Additionally, coconut oil can be used sparingly to protect your hair, as lauric acid has been shown to prevent it from losing proteins and becoming weaker.
Cooking With Coconut Oil
As it consists mainly of saturated fats, coconut oil can generally withstand higher temperatures than most other oils, so it’s great for cooking.
You also use it in combination with coconut flour when you’re baking keto treats to prevent them from turning out too dry. As with olive oil, remember that quality is key and organic, extra-virgin coconut oil is going to taste the best.
#3 Avocado Oil
Avocados have an extremely high oil content and the pressing process is actually quite similar to that of olive oil. In the same fashion, the quality of the oil can vary based on how it’s produced and extra-virgin avocado oil is the best.
- Protect Your Eyes
Avocado is an excellent source of a carotenoid called lutein, which is found naturally in our eyes. Lutein works as an antioxidant that can boost our eye health  and reduce the risk of ocular issues like cataracts or macular degeneration.
- Better Nutrient Uptake
Carotenoid antioxidants are found in a number of plant-based foods but they require fat to be absorbed properly, something most of these foods are lacking. It’s been shown that by adding avocado oil to fat-free foods, like spinach and carrots, can help our bodies make the most of their carotenoid content.
Cooking with Avocado Oil
Avocado oil is extremely versatile and, while you can use it cold, it also has a relatively high smoke point perfect for high-temperature cooking.
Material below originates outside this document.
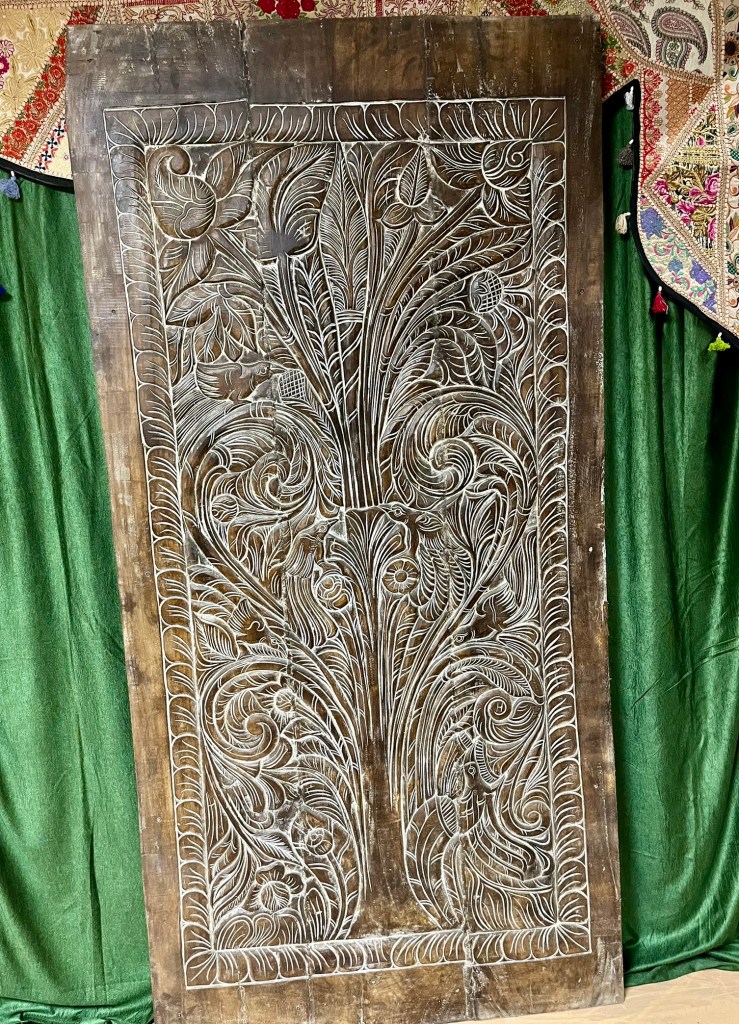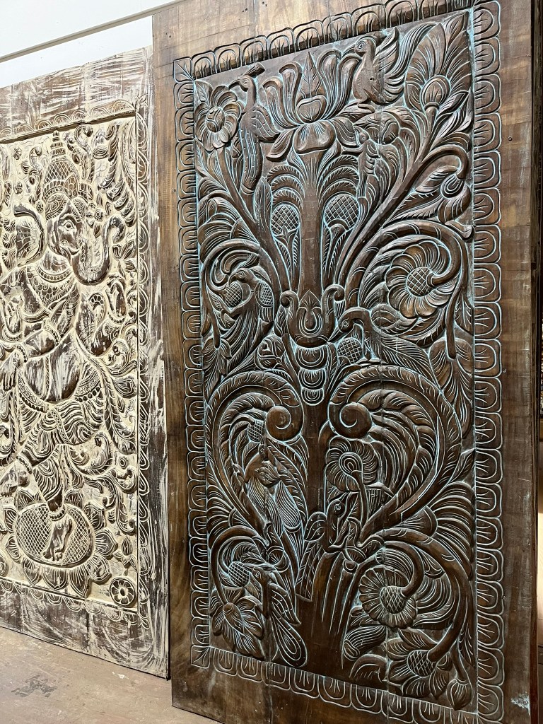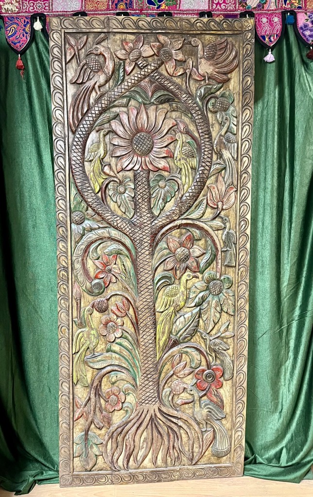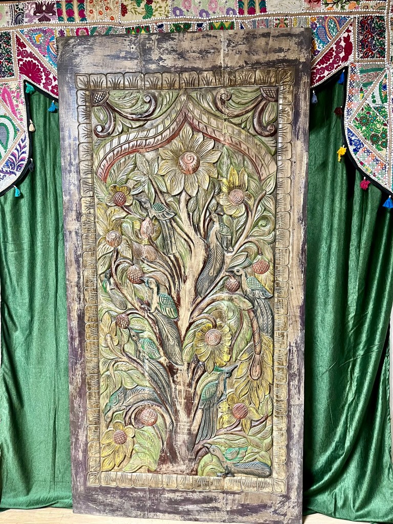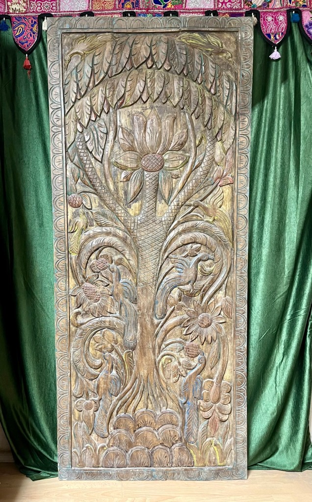 Imagine a breathtaking wall carved panel that captures the essence of a majestic tree. The tree’s trunk, hewn from rich hardwood, features a natural, organic texture that highlights the inherent grain and knots, offering character and depth. As the tree ascends, its branches are crafted with elegant, flowing curves that extend across the wall, their delicate lines inviting the eye to trace each turn and movement. The wall art is further enriched by strategically carved layers that create a sense of depth and shadow play, adding to the illusion of movement and life. This carved panel becomes more than just an adornment; it transforms your space into a living tableau of art, imbuing the room with warmth, nature’s beauty, and a touch of timeless elegance.
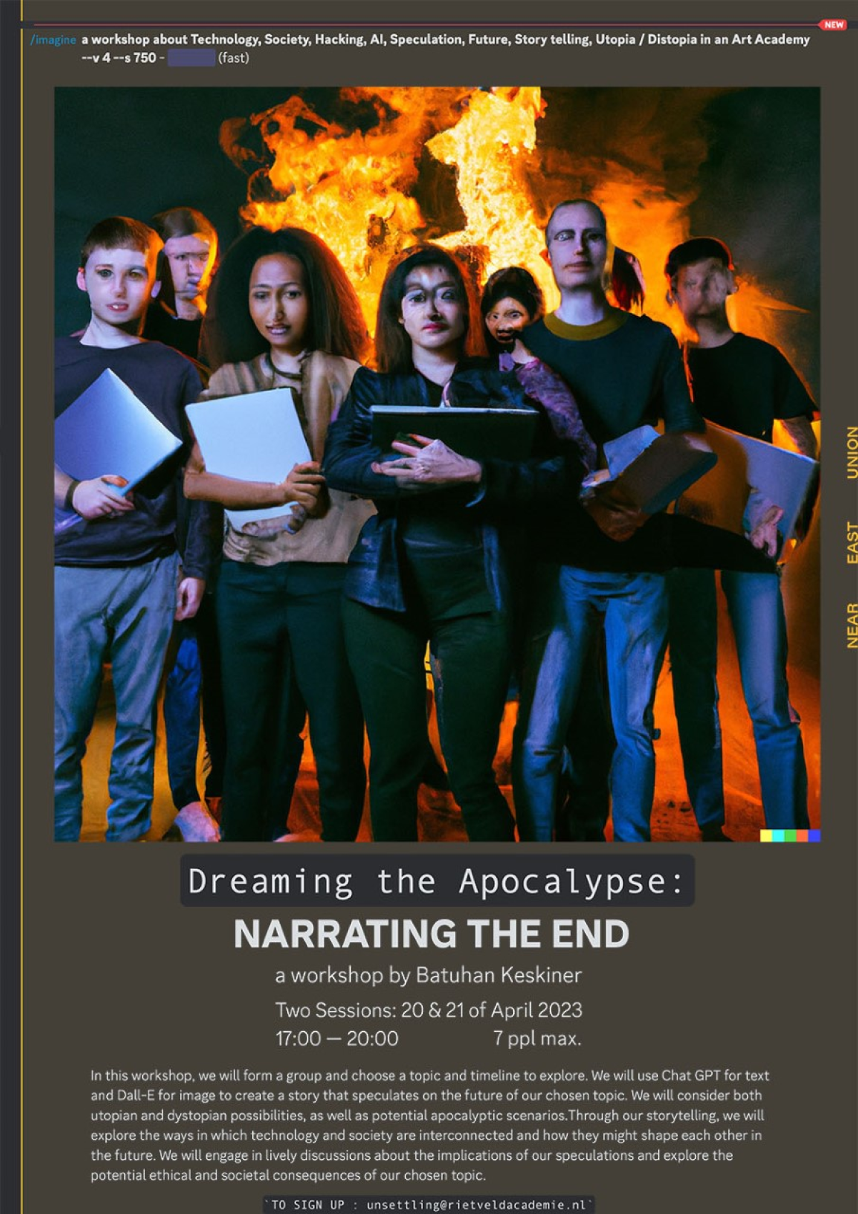 In this workshop, we will form a group and choose a topic and timeline to explore. We will use ChatGPT for text and Dall-E for image to create a story that speculates on the future of our chosen topic. We will consider both utopian and dystopian possibilities, as well as potential apocalyptic scenarios. Through our storytelling, we will explore the ways in which technology and society are interconnected and how they might shape each other in the future. We will engage in lively discussions about the implications of our speculations and explore the potential ethical and societal consequences of our chosen topic.

You can drizzle it over a salad, roast veggies with it or even add it to a keto smoothie.
With the three oils listed, you’ll have all of your cooking oil needs covered regardless of what you’re making, the flavor you’re after, or the temperature at which you’ll be cooking.
While you don’t have to be worried about any oils preventing you from achieving or maintain ketosis due to their lack of carbs, some can still cause adverse health effects and should be avoided.
Examples of these would be soybean, peanut, sunflower and corn oil, so steer clear of those and stick to the organic, unrefined ones above.